In a dimly lit car park in Khartoum, Anita Saimon and her all-female dance troupe are practicing their moves.
But just a year ago, this impromptu rehearsal could have had dire consequences.
Under former President Omar al-Bashir, just the fact that Anita and the other dancers are wearing trousers could have seen them flogged.
(SOUNDBITE) (Arabic) DANCER WITH VOICE OF NUBA TROUPE, ANITA SAIMON, SAYING:
"Before the revolution our shows were inside specific, suitable venues, during events, or things like that. But now that there's freedom we're practicing in parking lots, we've started to work normally without any restrictions."
Bashir's three decades in power were marked by stringent social and religious rules.
But since he was overthrown in April, the country's morality police have melted away.
In November, authorities repealed a notorious public order law used to impose conservative Islamic social codes.

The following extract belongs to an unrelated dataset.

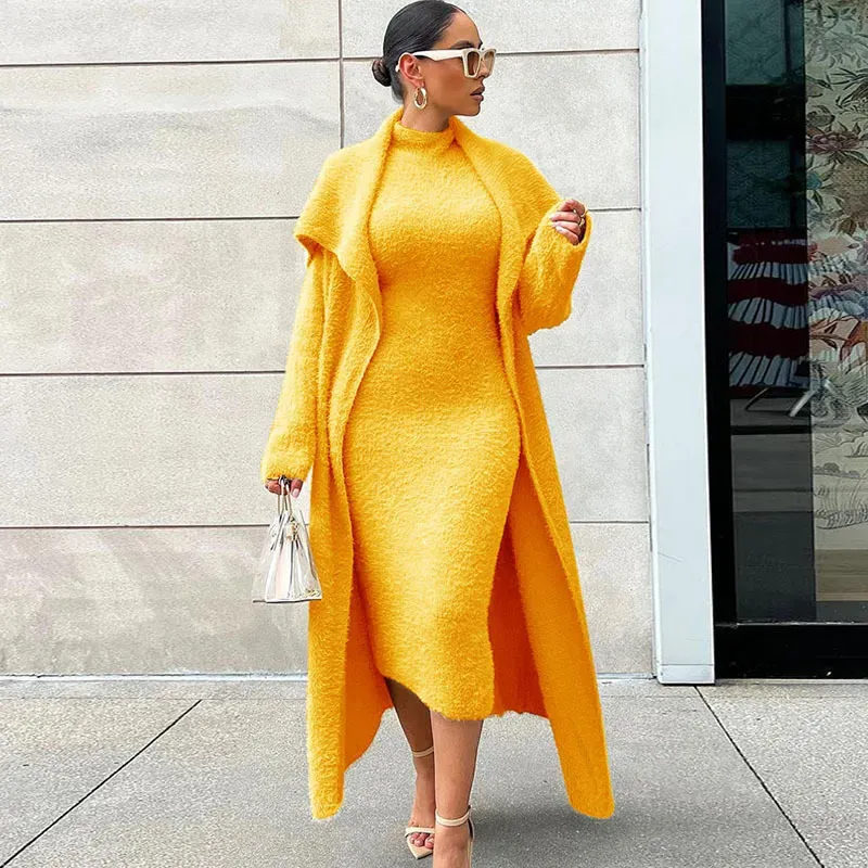 Autumn And Winter Women Fashion Solid Color Plush Dress Long Coat Lace-Up Two-Piece Set
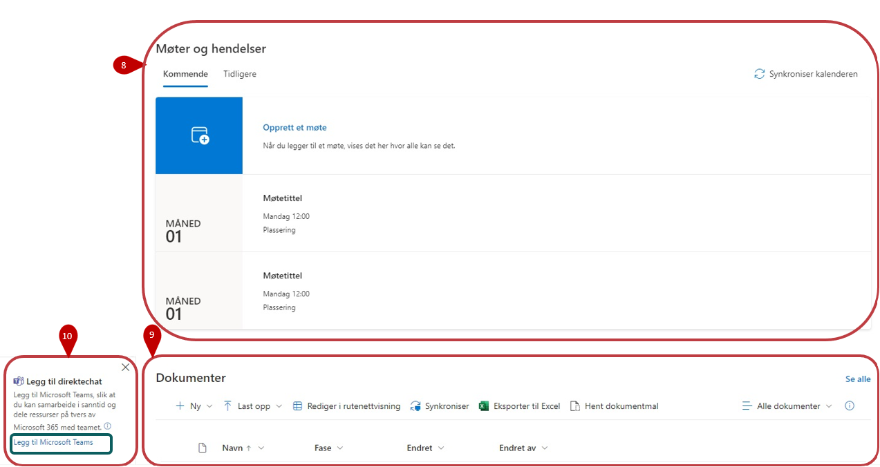 Møter og hendelser vil vise de hendelser som er lagt inn i gruppekalenderen i Outlook.

(SOUNDBITE) (Arabic) MUSICIAN, SOMEYA SALAH, SAYING:
"We understand that change won't happen tomorrow because of the revolution, it will take time. But what's new after the revolution is that there is hope."
Many women say they can now wear what they want and there's been an explosion in artistic expression.
Music producer Mohamed Abdulaziz says genres such as hip hop and rap - previously seen as subversive - have flourished.
(SOUNDBITE) (Arabic) MUSIC PRODUCER, MOHAMED ABDULAZIZ, SAYING:
"Revolution, change, freedom, our rights, our duty towards our country, and how we will build it. There are new and rich topics. So it helped a lot, and started increasing amongst musicians."
But some say the social changes are shallow; restrictive laws remain in place and women, who helped lead the uprising are still under-represented.
Activists complain that legislation underlying the public order law has not yet been repealed and that women are not protected from sexual harassment or rape.
And they say progress is uncertain under a power sharing deal between civilian groups and the military.